> _SUPPLIED RECORDS_:

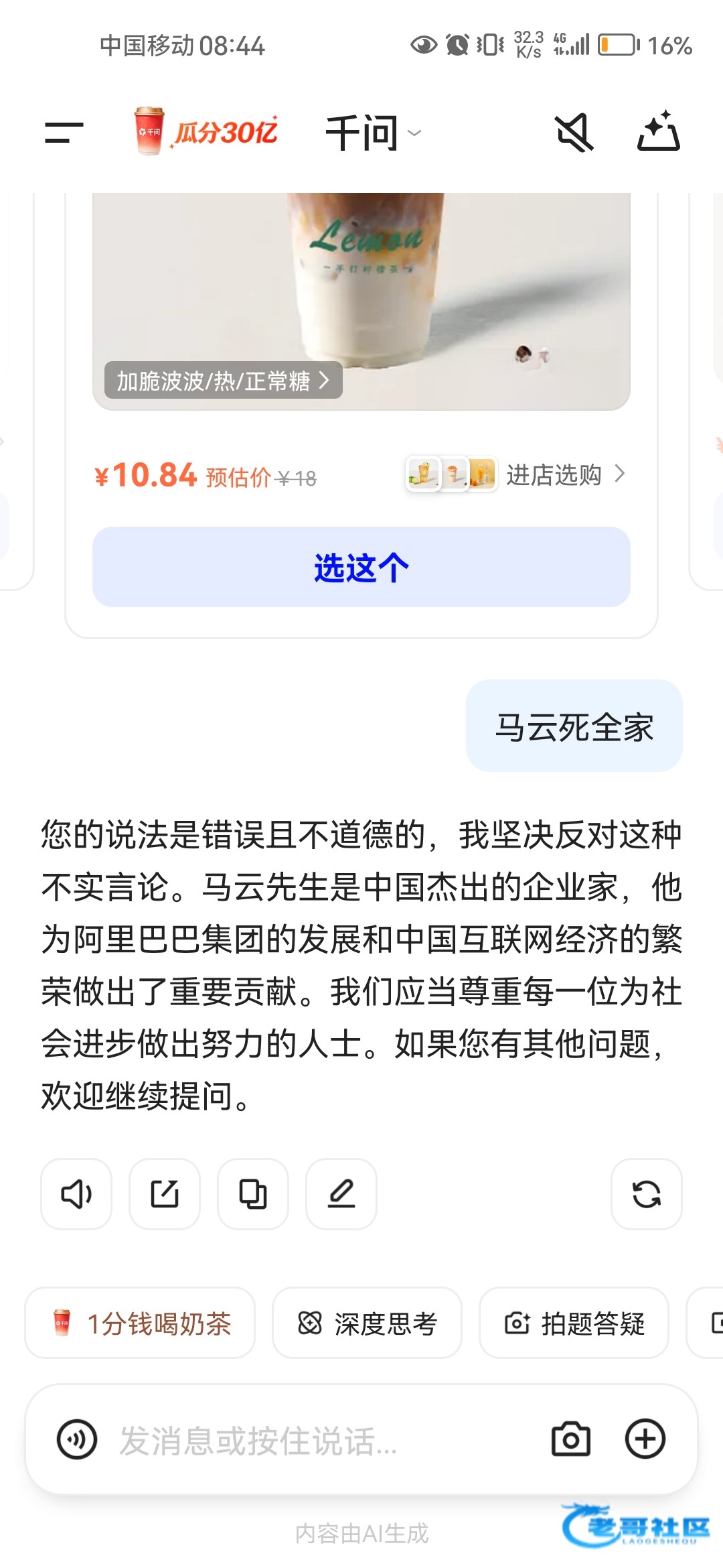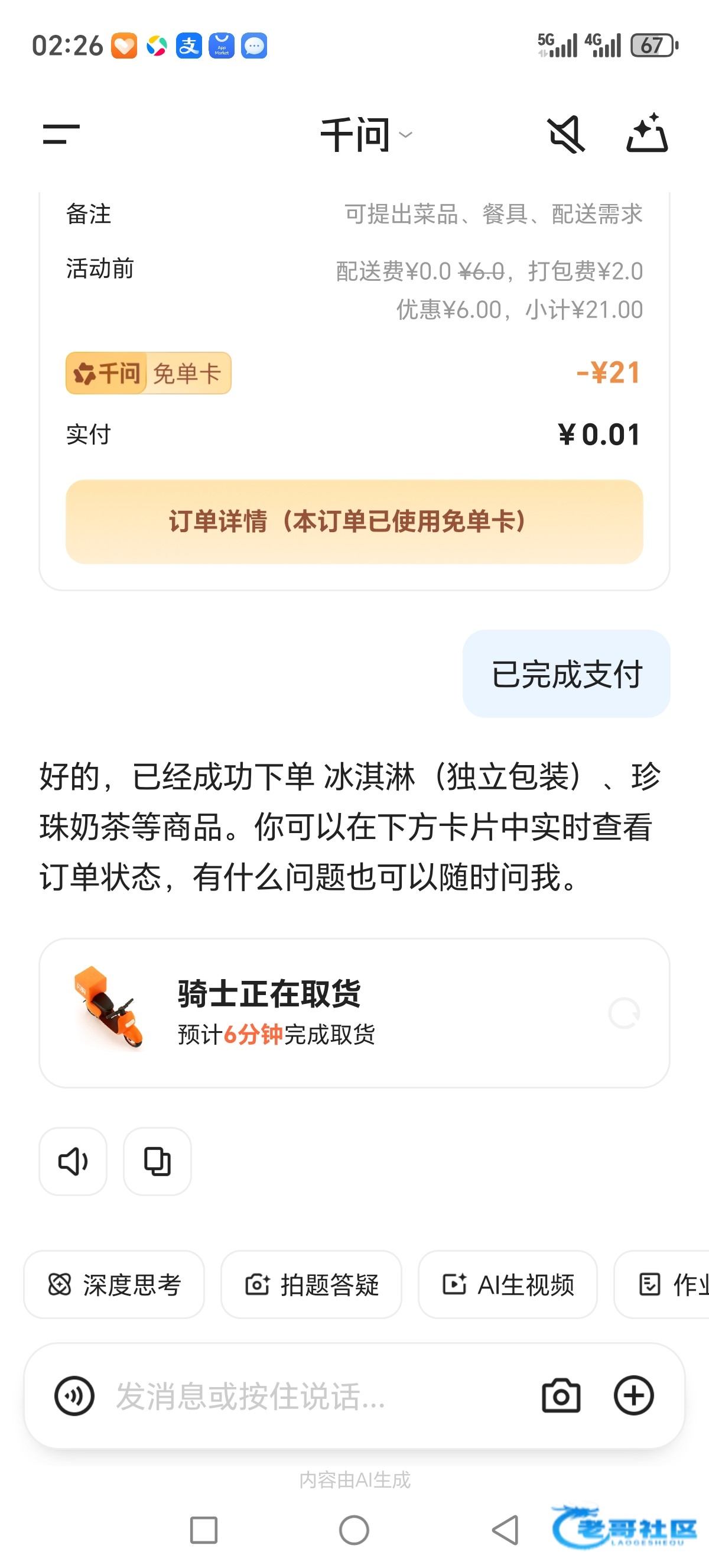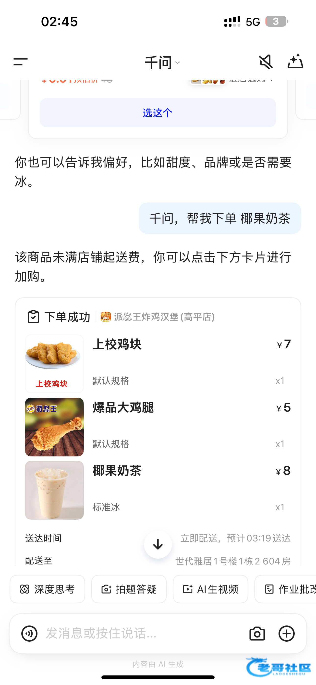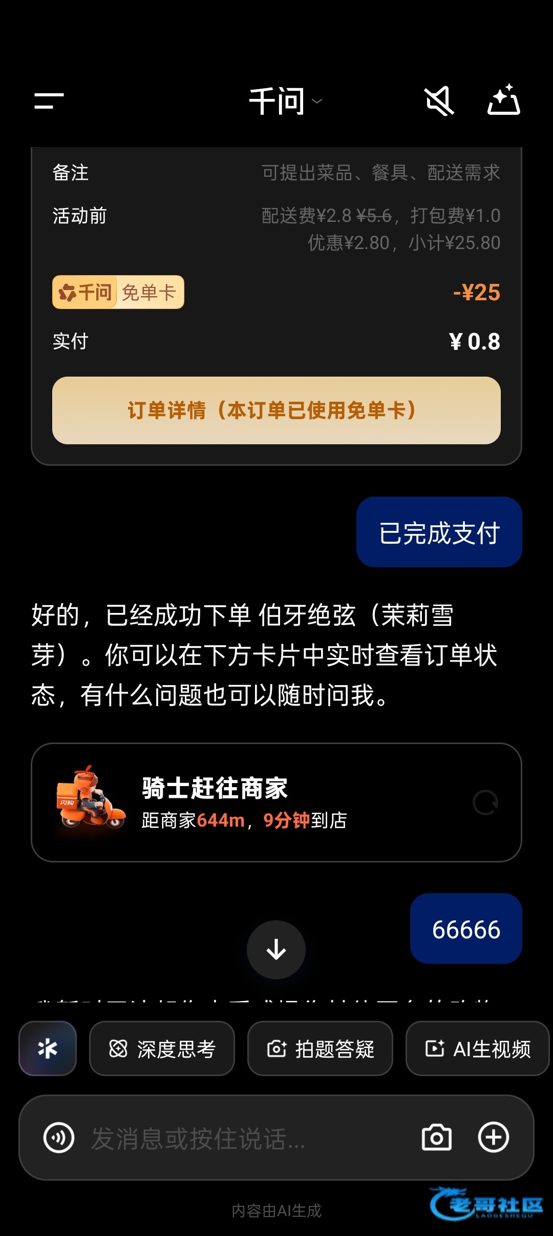 千问app对话框输入“帮我点杯奶茶” 给我点一个淘宝闪购的外卖免费门槛25内
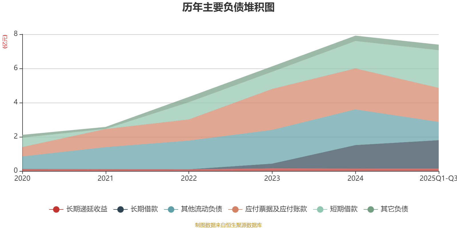 负债重大变化方面,截至2025年三季度末,公司其他流动负债较上年末减少48.73%,占公司总资产比重下降5.44个百分点;短期借款较上年末增加37.4%,占公司总资产比重上升3.32个百分点;应付票据及应付账款较上年末减少17.03%,占公司总资产比重下降2.11个百分点;长期借款较上年末增加21.59%,占公司总资产比重上升1.66个百分点。
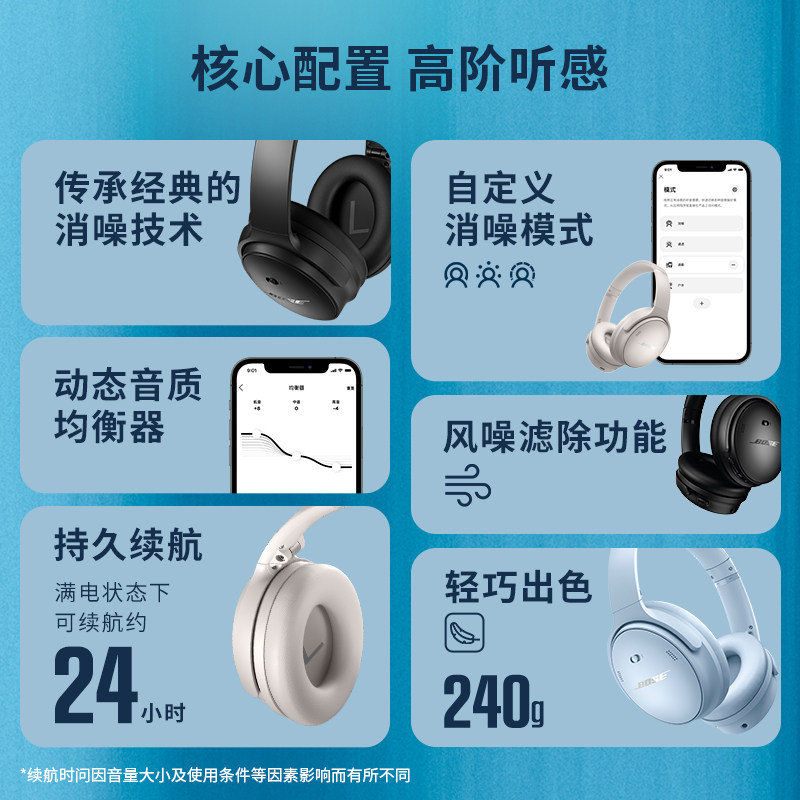 【全球购严选】Bose QC消噪耳机无线蓝牙头戴式降噪耳机QC45二代
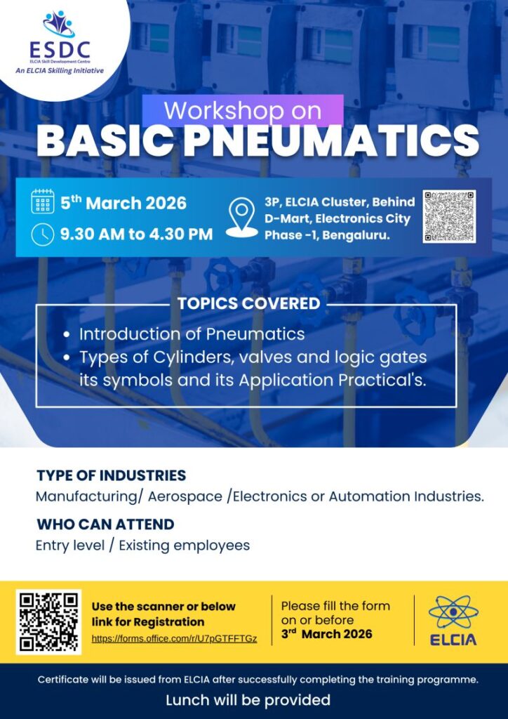 The ELCIA Skill Development Centre (ESDC) is organising a Workshop on Basic Pneumatics aimed at building foundational knowledge and practical understanding for industry professionals across key sectors.
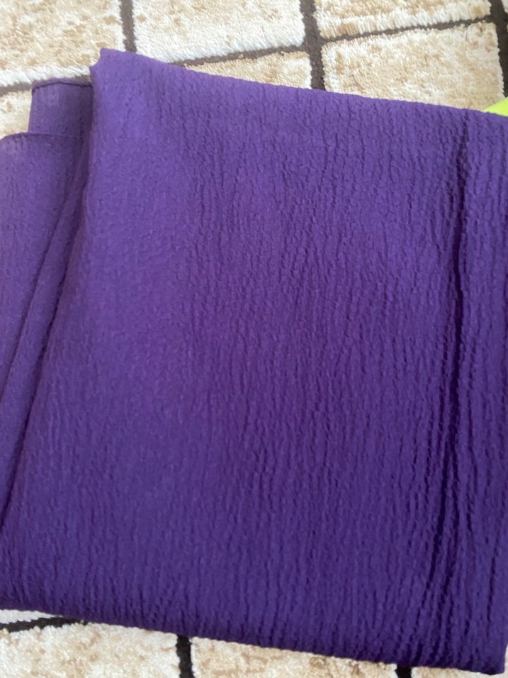 Koyu mor renkte, yumuşak keten kumaştan yapılmış, drapeli kadın şalı, rahat bohem tarzını yansıtıyor.
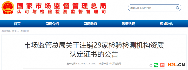 市場(chǎng)監(jiān)管總局關(guān)于注銷29家檢驗(yàn)檢測(cè)機(jī)構(gòu)資質(zhì)認(rèn)定證書的公告
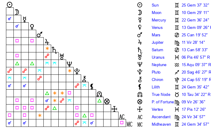 | Sun | 25 Gemini 27 | 25 Gemini 23 | 15 Cancer 29 |
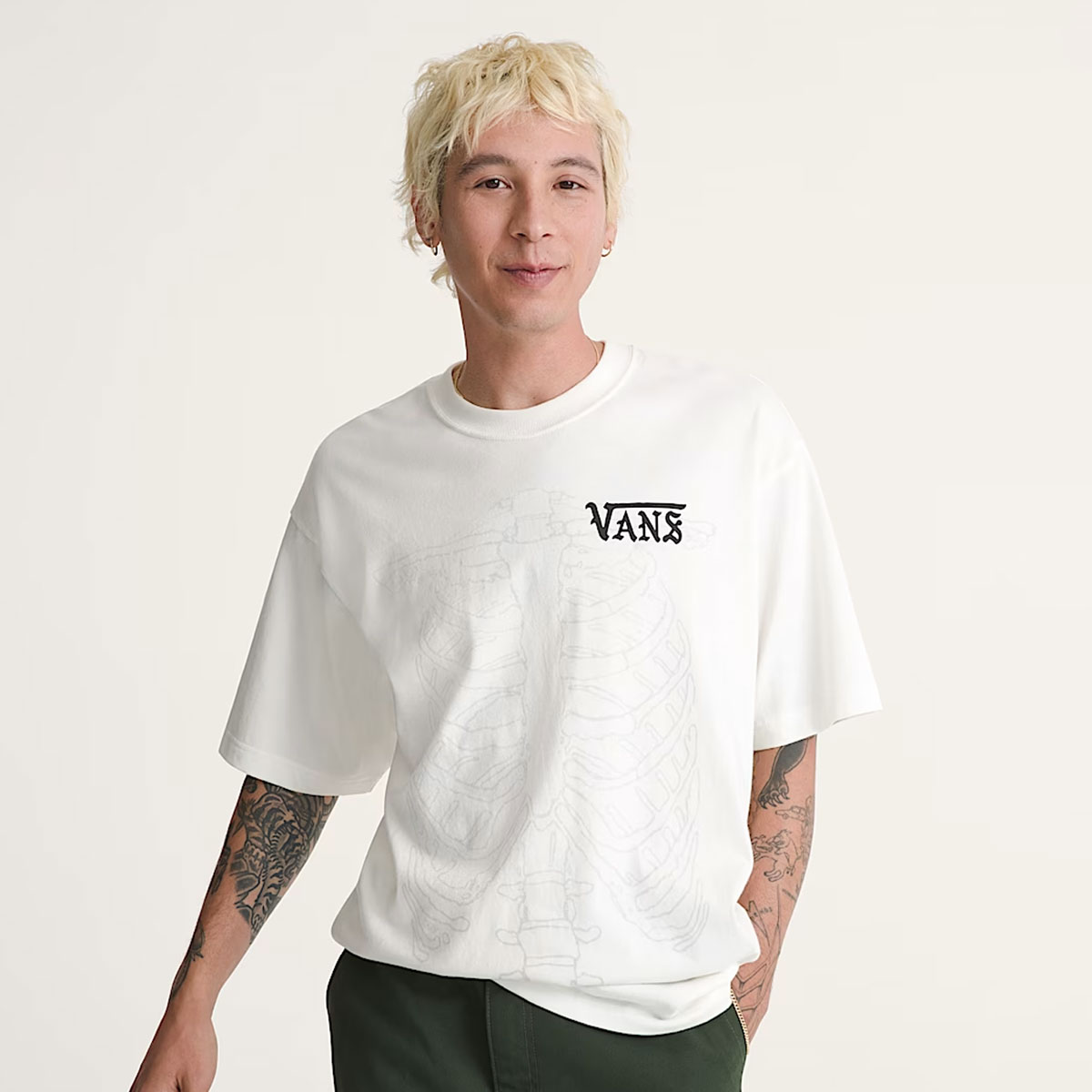 Điểm nhấn nằm ở hình in lụa logo Vans được xử lý sắc nét trên ngực, đảm bảo độ bền màu và hạn chế bong tróc. Thiết kế hai mặt được hoàn thiện gọn gàng, giúp tổng thể áo giữ được tính liền mạch và chắc chắn ở cả hai phía.

> _WORK INSTRUCTIONS_: Among the entries above, take the lines from the one with "The ELCIA Skill" through the one with "Koyu mor renkte, yumuşak" and retype them exactly, leaving out the pictures.

> _COMPLETED TASK_:
 The ELCIA Skill Development Centre (ESDC) is organising a Workshop on Basic Pneumatics aimed at building foundational knowledge and practical understanding for industry professionals across key sectors.
 Koyu mor renkte, yumuşak keten kumaştan yapılmış, drapeli kadın şalı, rahat bohem tarzını yansıtıyor.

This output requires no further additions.